The XRD pattern of Al_0.8CrFeCoNiCu_0.5 high-entropy alloy is shown in Figure 1a, with Figure 1b,c representing the deconvolution of the BCC peaks. In Figure 1b,c, the red, green, and purple lines represent the deconvolution fitting curves for various diffraction peaks Diffraction peaks located at 44.8° and 65.1° are, respectively, attributed to the (110) and (200) planes of the BCC1 phase, which matches with the (Fe, Cr) phase. Peaks appearing at 31.3°, 44.9°, and 65.3° confirm the presence of an ordered BCC2 phase within the alloy, corresponding to the (100), (110), and (200) planes, consistent with the Al-Ni phase [28]. Peaks shown at 43.7°, 50.9°, and 74.7° indicate the FCC phase, which is attributed to the (111), (200), and (220) planes, matching with the Cu phase. These results are in line with previous research on as-cladding Al_0.8CrFeCoNiCu_0.5 high-entropy alloy [29]. Notably, the diffraction peak of the BCC phase (200) plane exhibits higher intensity than that of the (110) plane. The peak at (200) is the most intense and sharply defined, indicating a high degree of crystallinity. Moreover, it demonstrates a significant textural advantage in the (200) direction, which could be due to more or better ordered grain growth in the (200) direction during the crystal’s growth or processing. This can primarily be attributed to the BCC phase’s preferred orientation along the (200) direction [30].

According to the Gibbs phase rule, a six-element alloy can theoretically form up to seven equilibrium phases and even more under non-equilibrium conditions [31]. However, the number of phases in Al_0.8CrFeCoNiCu_0.5 high-entropy alloy is far less than this theoretical prediction. This is attributed to the numerous elements in the alloy and the comparable atomic percentages, which increase the mixing entropy, thereby reducing the system’s Gibbs free energy [32]. This process hinders the formation of ordered compounds, promoting the development of disordered solid solutions instead.

Furthermore, the small mixing enthalpy and minor atomic radius differences among Fe, Co, Ni, and Cr elements facilitate lattice substitution, contributing to solid solution formation. These elements’ similar valence electron concentrations lead to analogous chemical bonds, further enhancing lattice substitution possibilities [33]. This similarity also produces a uniform electron distribution, reducing energy fluctuations and increasing alloy stability.

3.2. Microstructure

Figure 2 displays the unetched morphology and the associated surface scanning imagery of the Al_0.8CrFeCoNiCu_0.5 high-entropy alloy. In Figure 2, the area marked by the white rectangle represents the region for surface scanning.

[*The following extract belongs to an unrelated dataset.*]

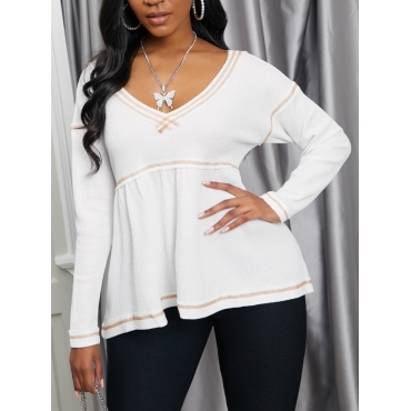 Lovely Casual V Neck Loose Fold Design White T-shirt
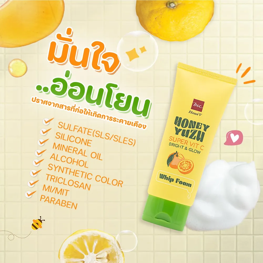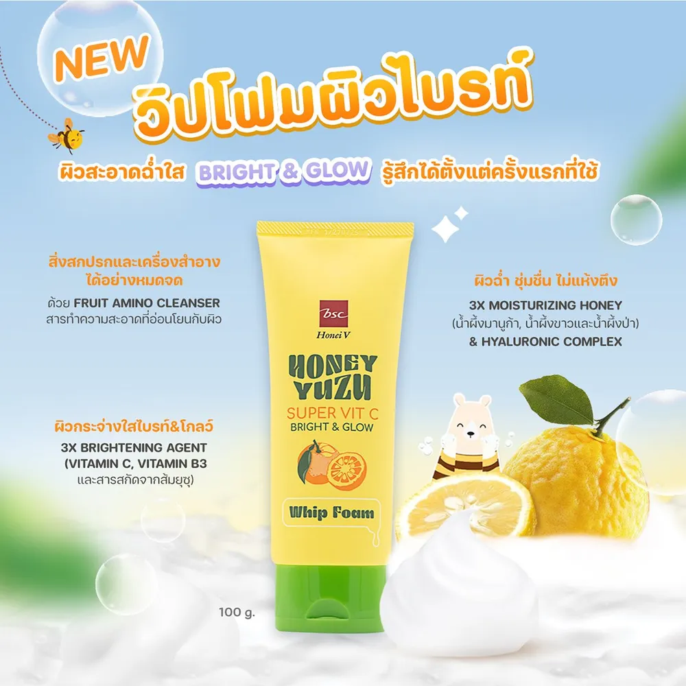 - ฮันนี่ วี บีเอสซี ฮันนี่ ยูซุ ซูเปอร์ วิตซี ไบรท์ แอนด์ โกลว์ วิป โฟม ผลิตภัณฑ์ทำความสะอาดผิวหน้า<br />

Table 2. Elemental Distribution Corresponding to Figure 2 for the Al_0.8CrFeCoNiCu_0.5 High-Entropy Alloy.

Element	Al	Cr	Fe	Co	Ni	Cu
Atomic %	13.25	20.34	19.25	19.33	19.00	8.83

provides the related elemental distribution findings. It can be observed that the composition of the alloy post-melting basically aligns with the theoretical composition.

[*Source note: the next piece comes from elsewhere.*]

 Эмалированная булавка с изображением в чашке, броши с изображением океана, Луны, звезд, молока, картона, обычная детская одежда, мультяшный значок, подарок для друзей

Figure 3 presents the microstructure of the Al_0.8CrFeCoNiCu_0.5 high-entropy alloy post aqua regia. Figure 3a–c display the low-magnification SEM of the alloy, demonstrating an equiaxed grain composition and a fishbone-like structure along the grain boundaries. Figure 3d–f depict the high-magnification morphology, revealing a network-like woven structure within the grains. The emergence of this network-like woven structure suggests phase separation and spinodal decomposition during the solidification process of the alloy.

Spinodal decomposition is a solid-state phase transformation based on the diffusion-aggregation mechanism, which can directly evolve into phases without requiring nucleation. During this transformation, the alloy’s solute atoms form solute-rich and solute-depleted zones without uphill diffusion [34]. The two phases generated in the spinodal decomposition always maintain a coherent relationship, sharing similar crystal structures despite their chemical composition differences, leading to relatively minor strain and preserving the coherence. The spinodal decomposition tends to grow along the crystal direction with the lowest coherent strain energy to minimize the energy, forming a periodic pattern.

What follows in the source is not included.